▶ _Requirement_
Using the records below, quote only the span that opens with the line containing "Q. 打合せからお引渡しまでの、ジェネシスの対応はいかがでしたか?" and closes with the line containing "M Mini Bear", exactly and inclusively.

▶ _Records for processing_

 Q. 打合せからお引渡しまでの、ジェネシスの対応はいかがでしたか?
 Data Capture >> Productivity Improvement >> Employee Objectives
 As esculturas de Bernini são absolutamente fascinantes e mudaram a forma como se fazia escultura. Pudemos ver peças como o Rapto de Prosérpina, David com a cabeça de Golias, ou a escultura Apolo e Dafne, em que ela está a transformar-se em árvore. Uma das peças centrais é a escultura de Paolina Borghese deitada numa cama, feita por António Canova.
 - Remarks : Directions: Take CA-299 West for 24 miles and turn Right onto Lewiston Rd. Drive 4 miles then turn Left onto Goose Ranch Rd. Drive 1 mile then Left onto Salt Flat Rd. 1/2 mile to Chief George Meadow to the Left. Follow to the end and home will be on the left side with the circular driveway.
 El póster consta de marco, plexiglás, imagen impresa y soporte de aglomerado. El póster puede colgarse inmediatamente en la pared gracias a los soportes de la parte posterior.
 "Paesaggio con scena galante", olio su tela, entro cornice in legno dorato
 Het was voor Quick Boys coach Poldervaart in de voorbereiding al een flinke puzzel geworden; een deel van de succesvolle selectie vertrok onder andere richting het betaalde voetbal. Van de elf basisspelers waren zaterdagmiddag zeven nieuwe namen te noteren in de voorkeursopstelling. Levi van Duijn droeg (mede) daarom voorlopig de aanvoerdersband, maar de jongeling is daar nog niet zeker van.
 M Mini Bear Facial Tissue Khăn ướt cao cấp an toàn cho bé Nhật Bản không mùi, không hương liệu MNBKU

...

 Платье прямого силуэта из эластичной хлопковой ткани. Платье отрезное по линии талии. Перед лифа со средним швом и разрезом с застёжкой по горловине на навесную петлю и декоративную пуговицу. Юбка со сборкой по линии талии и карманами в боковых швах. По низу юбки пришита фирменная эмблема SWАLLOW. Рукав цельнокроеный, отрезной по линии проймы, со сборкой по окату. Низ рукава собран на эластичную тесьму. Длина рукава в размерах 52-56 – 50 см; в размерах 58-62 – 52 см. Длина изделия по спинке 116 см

==

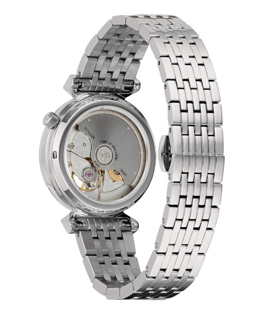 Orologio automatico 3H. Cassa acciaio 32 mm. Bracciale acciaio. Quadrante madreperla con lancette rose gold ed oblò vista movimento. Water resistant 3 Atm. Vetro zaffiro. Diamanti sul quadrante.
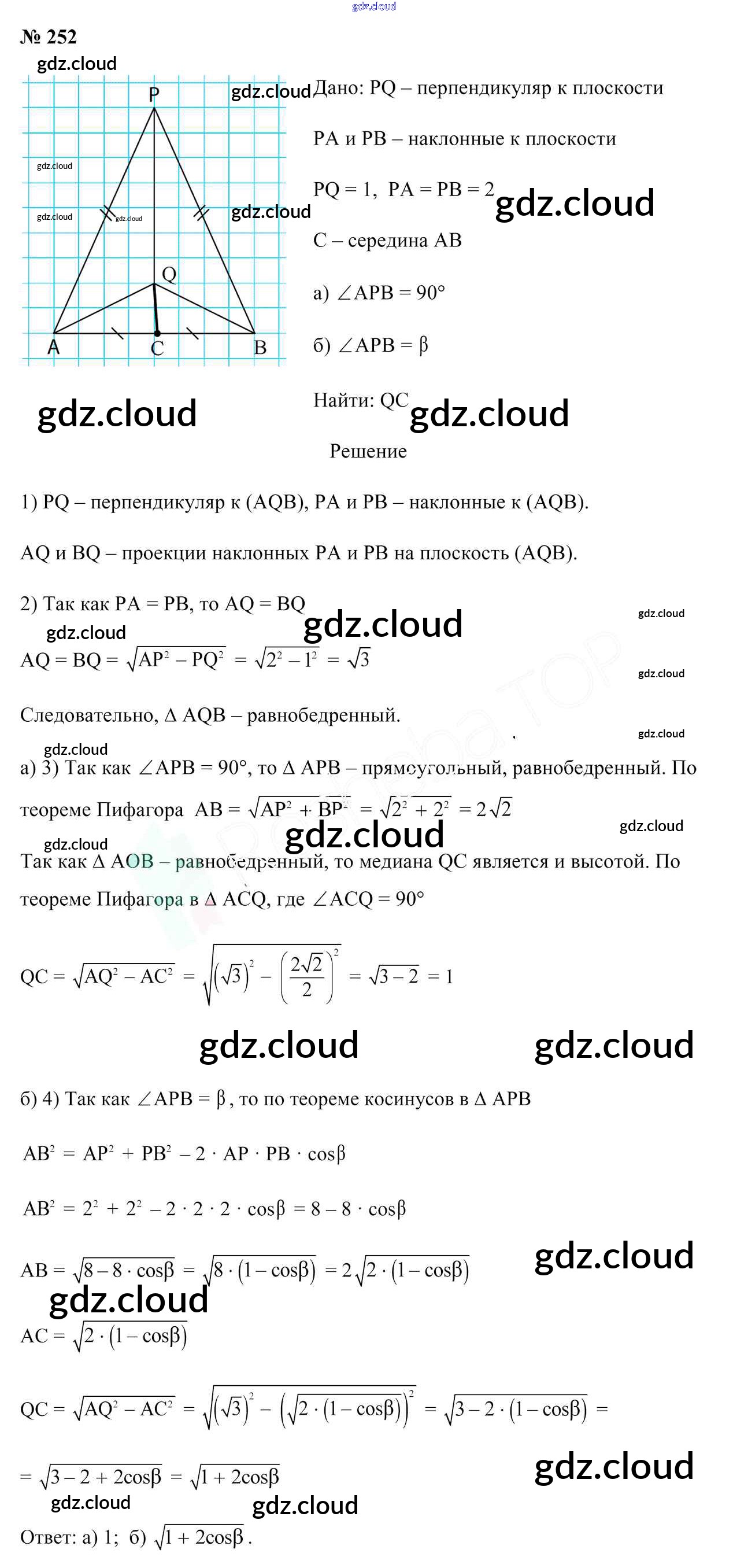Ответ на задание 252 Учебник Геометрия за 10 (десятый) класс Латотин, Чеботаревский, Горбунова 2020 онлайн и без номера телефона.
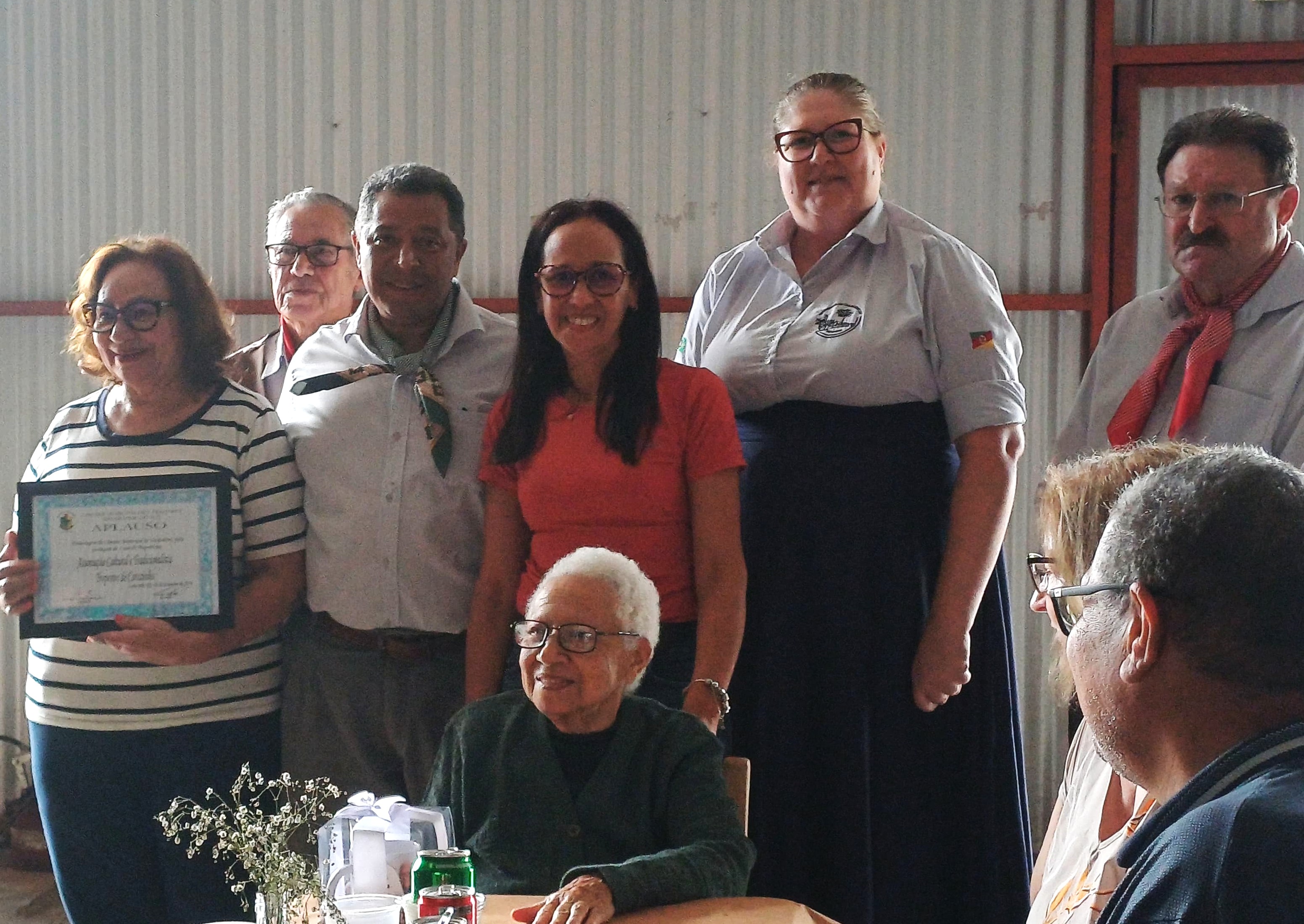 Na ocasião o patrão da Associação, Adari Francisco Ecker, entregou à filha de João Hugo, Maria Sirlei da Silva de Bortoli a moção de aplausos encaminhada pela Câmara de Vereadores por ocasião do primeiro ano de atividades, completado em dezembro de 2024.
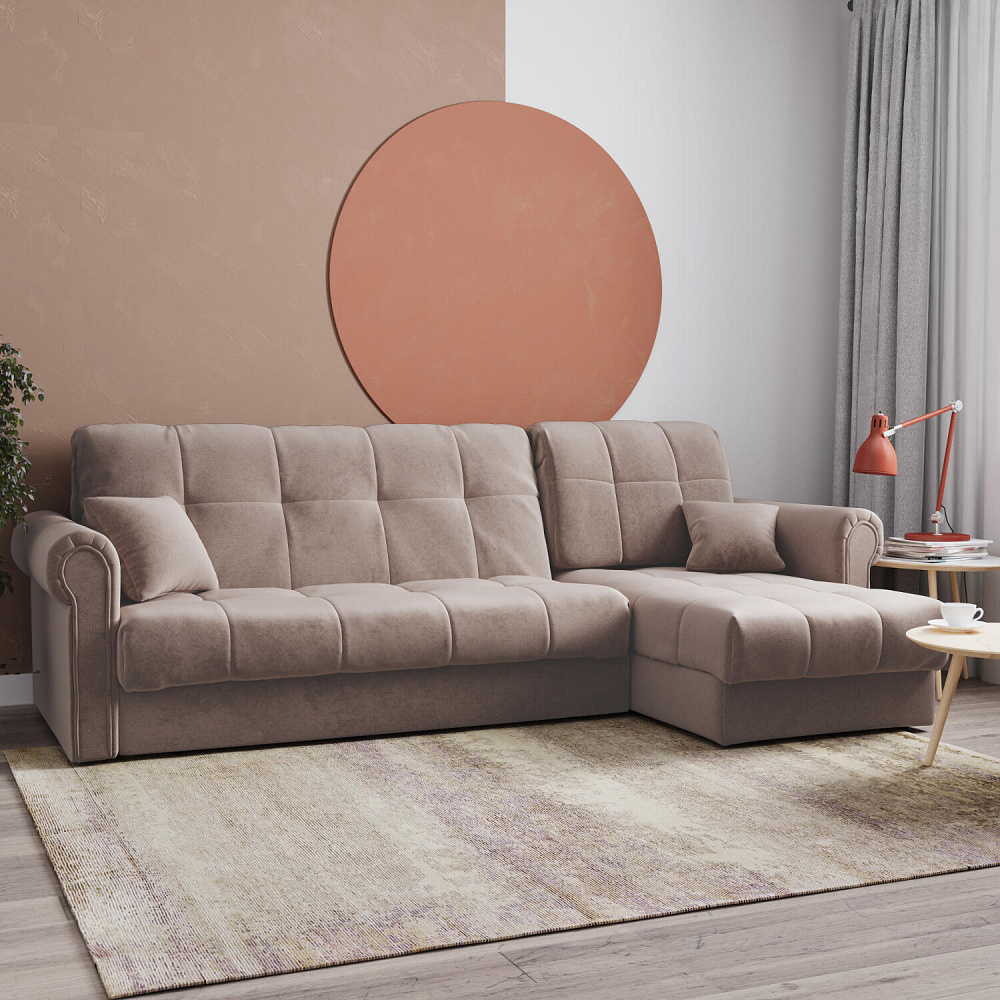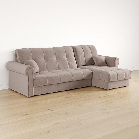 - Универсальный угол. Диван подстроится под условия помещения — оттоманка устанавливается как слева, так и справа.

▶ _Task answer_
 Q. 打合せからお引渡しまでの、ジェネシスの対応はいかがでしたか?
 Data Capture >> Productivity Improvement >> Employee Objectives
 As esculturas de Bernini são absolutamente fascinantes e mudaram a forma como se fazia escultura. Pudemos ver peças como o Rapto de Prosérpina, David com a cabeça de Golias, ou a escultura Apolo e Dafne, em que ela está a transformar-se em árvore. Uma das peças centrais é a escultura de Paolina Borghese deitada numa cama, feita por António Canova.
 - Remarks : Directions: Take CA-299 West for 24 miles and turn Right onto Lewiston Rd. Drive 4 miles then turn Left onto Goose Ranch Rd. Drive 1 mile then Left onto Salt Flat Rd. 1/2 mile to Chief George Meadow to the Left. Follow to the end and home will be on the left side with the circular driveway.
 El póster consta de marco, plexiglás, imagen impresa y soporte de aglomerado. El póster puede colgarse inmediatamente en la pared gracias a los soportes de la parte posterior.
 "Paesaggio con scena galante", olio su tela, entro cornice in legno dorato
 Het was voor Quick Boys coach Poldervaart in de voorbereiding al een flinke puzzel geworden; een deel van de succesvolle selectie vertrok onder andere richting het betaalde voetbal. Van de elf basisspelers waren zaterdagmiddag zeven nieuwe namen te noteren in de voorkeursopstelling. Levi van Duijn droeg (mede) daarom voorlopig de aanvoerdersband, maar de jongeling is daar nog niet zeker van.
 M Mini Bear Facial Tissue Khăn ướt cao cấp an toàn cho bé Nhật Bản không mùi, không hương liệu MNBKU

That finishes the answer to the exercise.